## Task item
Set down, word for word, every line of the material below from the one containing "Не сложный рецепт" through the one containing "- ✅ [Sicherheit", but none of its pictures.

## Provided records
************

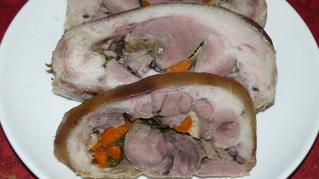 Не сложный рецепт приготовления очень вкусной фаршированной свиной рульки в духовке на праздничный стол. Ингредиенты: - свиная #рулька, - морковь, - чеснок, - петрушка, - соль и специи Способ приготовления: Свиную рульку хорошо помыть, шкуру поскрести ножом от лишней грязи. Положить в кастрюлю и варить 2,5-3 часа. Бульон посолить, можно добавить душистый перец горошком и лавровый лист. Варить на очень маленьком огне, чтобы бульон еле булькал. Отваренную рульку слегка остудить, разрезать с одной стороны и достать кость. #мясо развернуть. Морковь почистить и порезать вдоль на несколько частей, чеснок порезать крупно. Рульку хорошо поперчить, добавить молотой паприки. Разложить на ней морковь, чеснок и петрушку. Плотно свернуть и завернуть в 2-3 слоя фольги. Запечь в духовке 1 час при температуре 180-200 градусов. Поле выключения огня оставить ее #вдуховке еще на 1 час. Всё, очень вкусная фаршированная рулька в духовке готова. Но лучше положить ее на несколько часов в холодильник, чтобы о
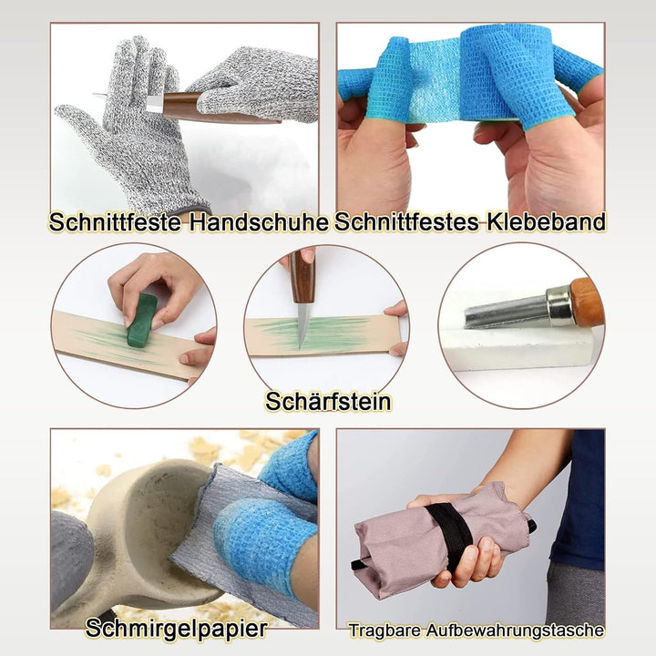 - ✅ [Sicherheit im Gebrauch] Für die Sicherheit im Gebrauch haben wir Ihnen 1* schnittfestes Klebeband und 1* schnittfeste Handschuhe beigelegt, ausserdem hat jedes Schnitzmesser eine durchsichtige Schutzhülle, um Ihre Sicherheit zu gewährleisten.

************

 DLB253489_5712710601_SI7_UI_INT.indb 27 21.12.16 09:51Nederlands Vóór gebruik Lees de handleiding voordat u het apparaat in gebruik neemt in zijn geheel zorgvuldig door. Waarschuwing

************

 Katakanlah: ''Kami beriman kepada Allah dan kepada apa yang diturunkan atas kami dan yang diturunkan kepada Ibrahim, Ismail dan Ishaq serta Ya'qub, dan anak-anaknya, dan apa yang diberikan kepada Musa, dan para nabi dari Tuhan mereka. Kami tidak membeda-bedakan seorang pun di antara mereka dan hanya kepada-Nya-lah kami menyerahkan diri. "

************

## Answer area
 Не сложный рецепт приготовления очень вкусной фаршированной свиной рульки в духовке на праздничный стол. Ингредиенты: - свиная #рулька, - морковь, - чеснок, - петрушка, - соль и специи Способ приготовления: Свиную рульку хорошо помыть, шкуру поскрести ножом от лишней грязи. Положить в кастрюлю и варить 2,5-3 часа. Бульон посолить, можно добавить душистый перец горошком и лавровый лист. Варить на очень маленьком огне, чтобы бульон еле булькал. Отваренную рульку слегка остудить, разрезать с одной стороны и достать кость. #мясо развернуть. Морковь почистить и порезать вдоль на несколько частей, чеснок порезать крупно. Рульку хорошо поперчить, добавить молотой паприки. Разложить на ней морковь, чеснок и петрушку. Плотно свернуть и завернуть в 2-3 слоя фольги. Запечь в духовке 1 час при температуре 180-200 градусов. Поле выключения огня оставить ее #вдуховке еще на 1 час. Всё, очень вкусная фаршированная рулька в духовке готова. Но лучше положить ее на несколько часов в холодильник, чтобы о
 - ✅ [Sicherheit im Gebrauch] Für die Sicherheit im Gebrauch haben wir Ihnen 1* schnittfestes Klebeband und 1* schnittfeste Handschuhe beigelegt, ausserdem hat jedes Schnitzmesser eine durchsichtige Schutzhülle, um Ihre Sicherheit zu gewährleisten.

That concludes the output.